Je perds l'équilibre et prends un coup de genou en pleine poitrine. Ils me flanquent
sur le plancher et me décochent des coups de talon. L'odeur de sang mêlé à
l'urine me fait vomir.
    «
On m'emmène à l'infirmerie de la prison pour me faire passer des radios avant
de m'incarcérer. Le médecin me regarde et dit :
    «
— Vous auriez mieux fait de crever là-bas. J'ai bien envie de vous balancer par
la « fenêtre. »
    «
Ils me jettent dans une cellule. Une roue de mon fauteuil est tordue. J'ai
envie de chialer, je n'en peux plus.
    «
Le lendemain, quand ils m'emmènent, avec d'autres manifestants enchaînés, dans
une grande salle fortement éclairée, je crie :
    «
— Vous ne me foutez pas les menottes et les chaînes aux pieds aujourd'hui ?

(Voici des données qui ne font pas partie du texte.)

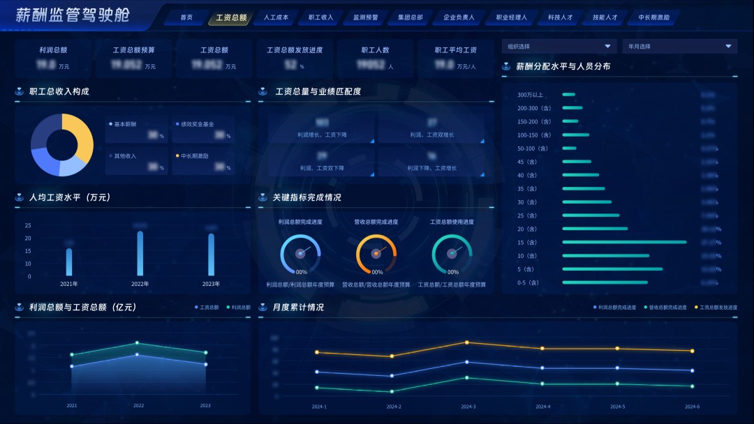 在关键业务场景中,平台以智能化分析助力动态管控与风险预警。例如,通过薪酬监管大屏,系统深度整合薪资数据并结合AI模型进行分析,实时监控预算执行与工资总额动态,薪酬超限时自动预警,实现薪资管控的全链条智慧覆盖。在人才管理方面,平台嵌入人才九宫格、继任者匹配等智能工具,动态评估人员绩效、潜力与岗位匹配度,为梯队建设与继任规划提供科学依据。同时,借助NLP技术,对员工评价等非结构化数据进行归档与标签化处理,精准绘制人才画像,进一步优化关键岗位管理。
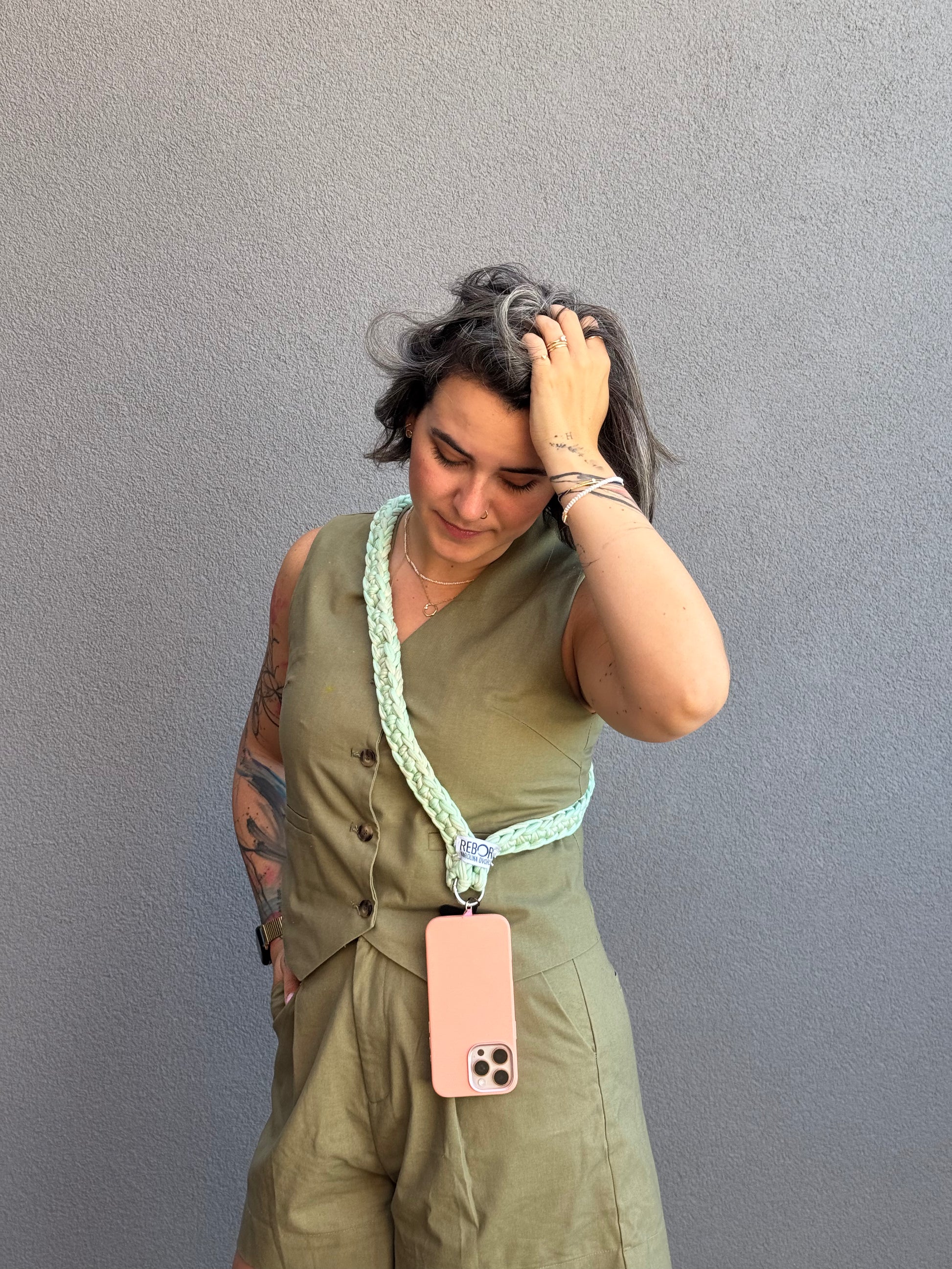 Crossbody popruh na telefon s vsadkou na úchyt do krytu. Popruh je lehce pružný.

Vous pourriez !... des fois que je parte en courant ! »
    «
Quand je me suis retrouvé dehors, j'étais libre mais plus prisonnier que
jamais. J'étais écarté des autres militants restés derrière les barreaux,
enchaînés et fiers. Libres de marcher, eux, les fers aux pieds ! »
    Je
laissai Ron à ses souvenirs enveloppés dans la fumée de son joint, et retournai
dans l'hôpital.
    Cette
révolte contre les systèmes, hospitalier et autres, je l'avais connue, mais
avec moins de violence car, selon moi, si la rééducation ne se fait pas ou se
fait mal, c'est beaucoup plus par ignorance que par méchanceté. D'ailleurs,
l'hôpital de Long Beach où avait peu séjourné Ron n'était pas à l'image de son
récit. Je connaissais trop bien toute l'équipe soignante et le merveilleux
docteur El Toraïe, si humain, si près de ses patients qu'il en oubliait parfois
de rentrer chez lui. Non, le procès de la médecine est impossible et Mathieu,
comme tant d'autres, l'expliquerait à Ron. Au-delà de la fonction, il y a
l'homme et seul celui qui sait entamer un vrai, dialogue avec les autres peut
se dire thérapeute.
    A
l'inverse de Ron qui supportait mal le passage de l'uniforme de guerrier
superbe à celui de rouleur de fauteuil, je ne m'étais jamais senti inférieur
depuis que je m'étais assis pour regarder la vie en pleine face.
    Mon
seul grade était ma ceinture noire, ce qui, au Japon, est considéré comme
l'insigne du bon débutant. J'avais tout à apprendre de la vie, des autres, de
la mort. Je n'avais pas pris de collines au Viêt-Nam; je n'avais pas ratissé
les villages en quête d’ennemis ; je m’étais mis au service des plus
défavorisés sans rien attendre en retour.
    Faire
les choses pour rien, ce qui est étrange dans notre civilisation matérialiste,
m’apportait une infinie plénitude.
     
     
    *
     
    Une autre histoire
me hantait : celle du petit Paul.
    Mathieu
me l'avait racontée un matin, troublé et heureux à la fois, comme un enfant qui
ouvre la cage de l'oiseau. Le petit Paul allait sur ses dix- sept ans, du moins
ce qu'il en restait. Son teint était terreux, de larges cernes bordaient ses
yeux de châtaigne. Enfoui au creux de son lit blanc, il n'attendait plus que la
délivrance.
    Poussé
par on ne sait quel rêve, il s'était jeté par la fenêtre du cinquième étage. La
famille avait profité de cet « accident » pour couper les ponts et se
débarrasser de cet enfant en quête de parents.